24 Fla. L. Weekly Supp. 761a

Online Reference: FLWSUPP 2409SBUSInsurance — Automobile — Windshield repair or replacement — Small claims action against insurer by repair shop’s assignee seeking to collect balance claimed to be due from insurer — Plaintiff’s motion for final summary disposition granted — Limitation of liability provision of insurance policy was affirmative defense which was waived when insurer did not raise defense by deadline set by court — Insurer’s argument that it did not file affirmative defenses because, if it did so, it would be waiving right to appraisal is rejected

BROWARD INSURANCE RECOVERY CENTER, LLC (a/a/o Shane Bushman), Plaintiff, vs. PROGRESSIVE SELECT INSURANCE COMPANY, Defendant. County Court, 17th Judicial Circuit in and for Broward County. Case No. 16-7399 COCE 53. November 3, 2016. Robert W. Lee, Judge. Counsel: Emilio Stillo and Joseph Dawson, Fort Lauderdale, for Plaintiff. Cristina Cabrera, Plantation, for Defendant.

ORDER GRANTING PLAINTIFF’S MOTIONFOR FINAL SUMMARY DISPOSITION

THIS CAUSE came before the Court on September 16, 2016 for hearing on the Court’s Order to Show Cause Why This Case Should Not Be Transferred Out of Broward County, and the Court’s having reviewed the parties’ filings, the entire Court file, and the relevant legal authorities; having heard argument; having made a thorough review of the matters filed of record; and having been sufficiently advised in the premises, the Court finds as follows:

This case is one of a group of 57 cases involving the same parties and some of the same issues, but involving 57 separate incidents of property damage occurring in counties other than Broward throughout the State of Florida.

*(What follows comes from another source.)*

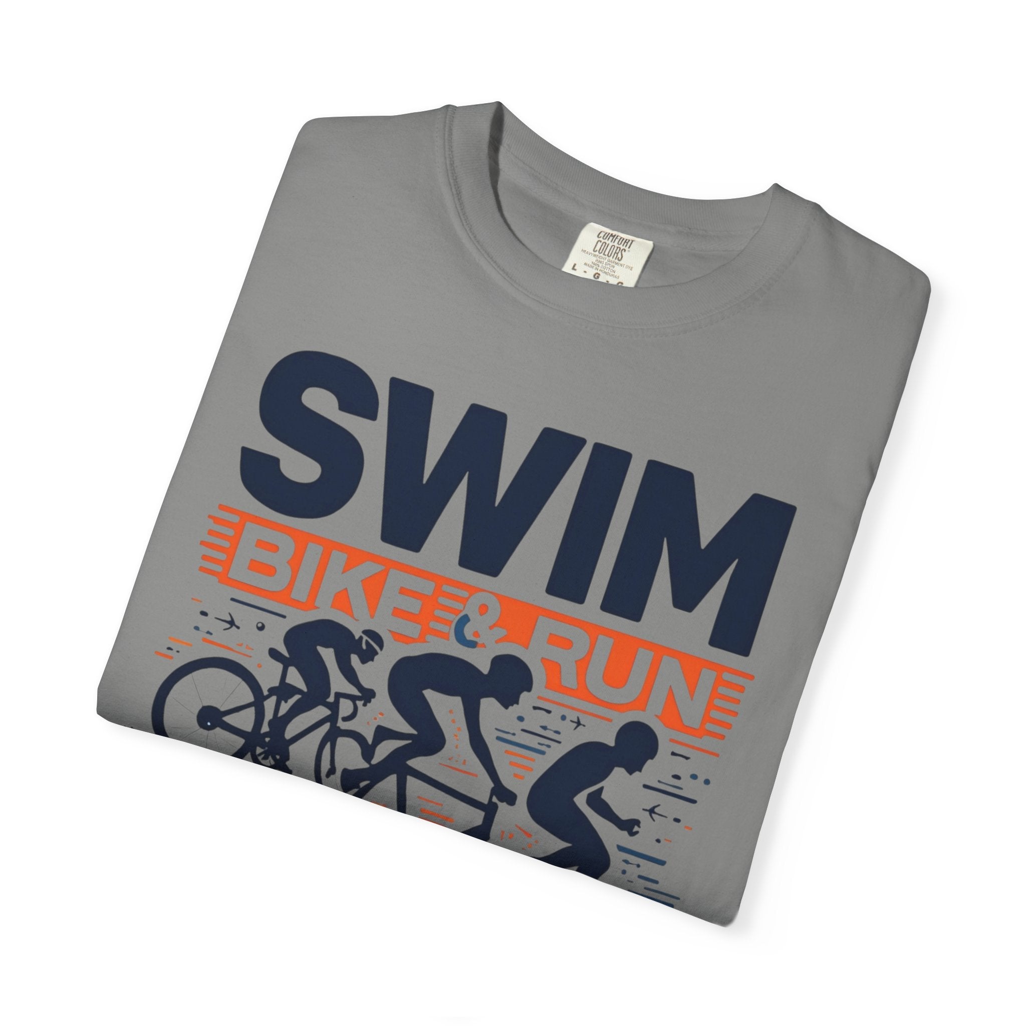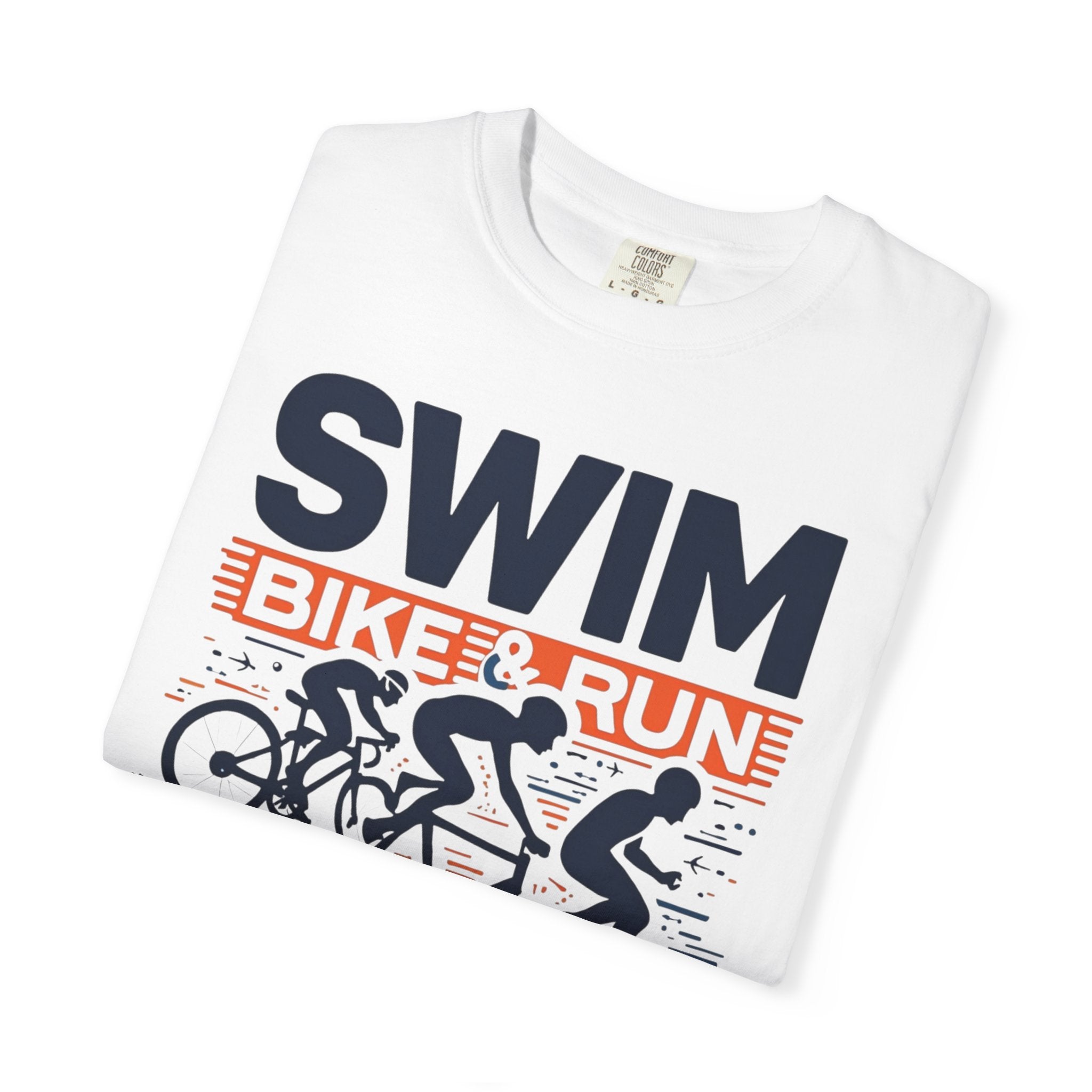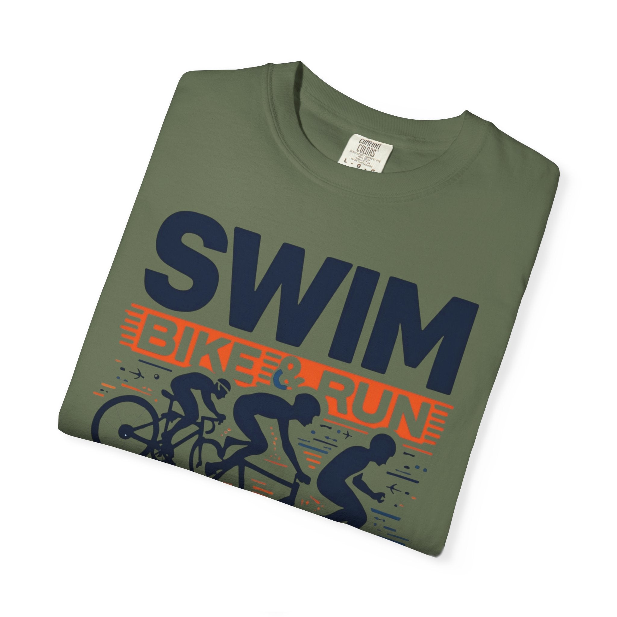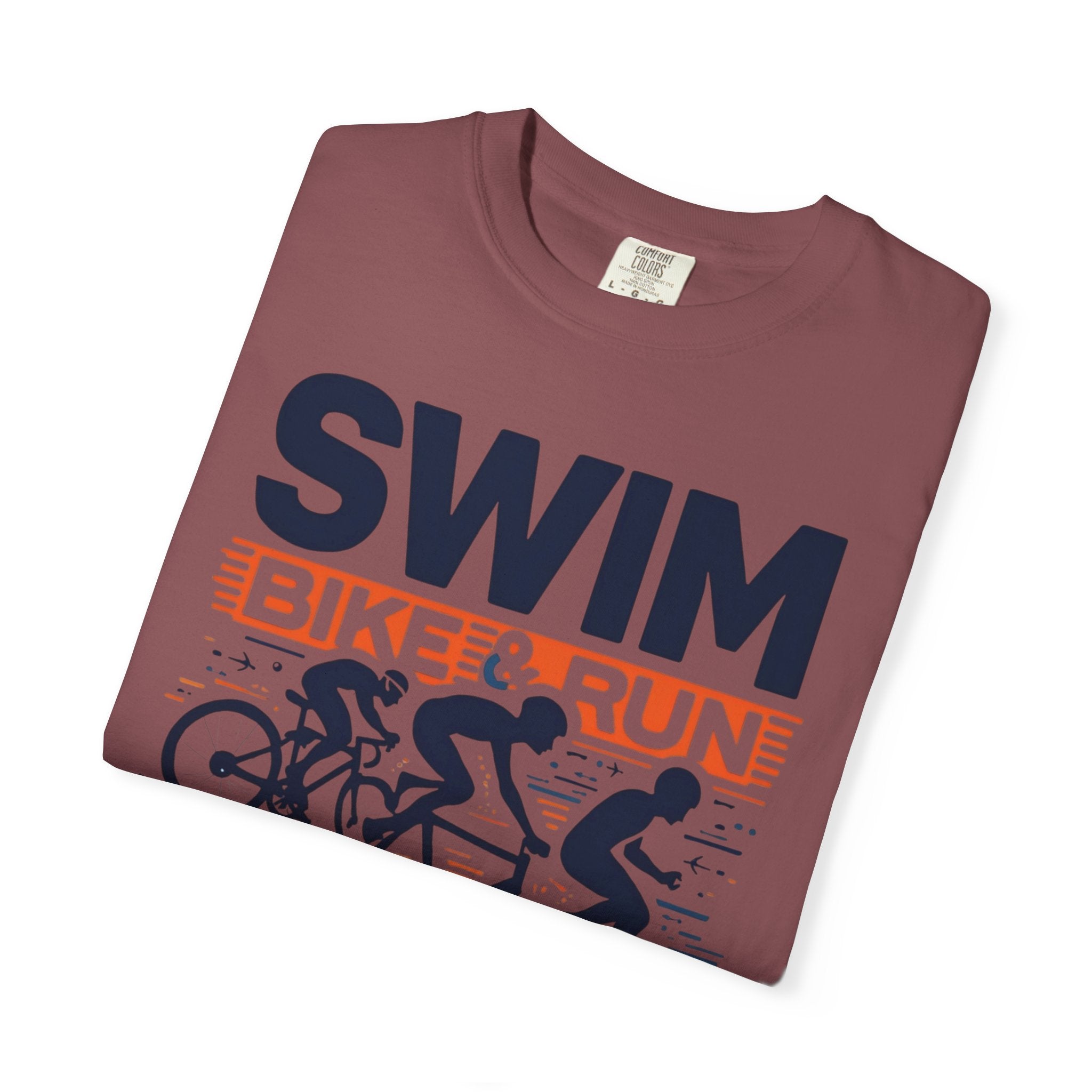 Swim Bike Run Unisex Garment-Dyed T-Shirt, Sports Tee, Activewear, Fitness Apparel, Athletes Gift, Outdoor Enthusiasts

In each case, a vehicle owner suffered windshield damage and sought repair. The owner assigned the repair facility his or her right to collect the costs of repair directly from the insurer, which in each of these 57 cases was Progressive. In turn, the repair facility billed Progressive, but did not receive the full amount it believed was due. Thereafter, in each case, the repair facility purportedly assigned to the Plaintiff the right to seek the balance claimed due from Progressive. The Plaintiff, however, had nothing to do with the actual repair of the damage, and is merely a company created to acquire these types of causes of action.

All of the cases were filed under the Small Claims Rules because they each involve less than $100.00 is dispute. They were all set for June 7, 2016 for pretrial conference under Rule 7.090(b). None of the cases had any apparent tie to Broward County, other than the fact that the Plaintiff’s business was based in Broward County. Therefore, on May 26, 2016, the Court issued its Order to Show Cause Why Case Should Not Be Transferred Out of Broward County, noting that “the Complaints raise a substantial question that Broward County has no relevant connection to these cases, and that in the interests of justice, the Broward judiciary and a Broward ‘jury, which is both a scarce and precious resource, should not be burdened with determining a case that has no connection’ to Broward County.” See Hall v. R.J. Reynolds Tobacco Company118 So.3d 847, 848 (Fla. 3d DCA 2013) [38 Fla. L. Weekly D1370a] and cases cited therein; Stamen v. Arrillaga169 So.3d 1209, 1210 (Fla. 4th DCA 2015) [40 Fla. L. Weekly D1638a] (“a trial court may sua sponte raise the question” of inconvenient forum “in the interest of justice”), quoting McDaniel Reserve Realty Holdings, LLC v. B.S.E. Consultants, Inc.39 So.3d 504, 511 (Fla. 4th DCA 2010) [35 Fla. L. Weekly D1491c]. See also Clear Visions Windshield Repair LLC v. GEICO24 Fla. L. Weekly Supp. 194a (Lee Cty. Ct. 2016).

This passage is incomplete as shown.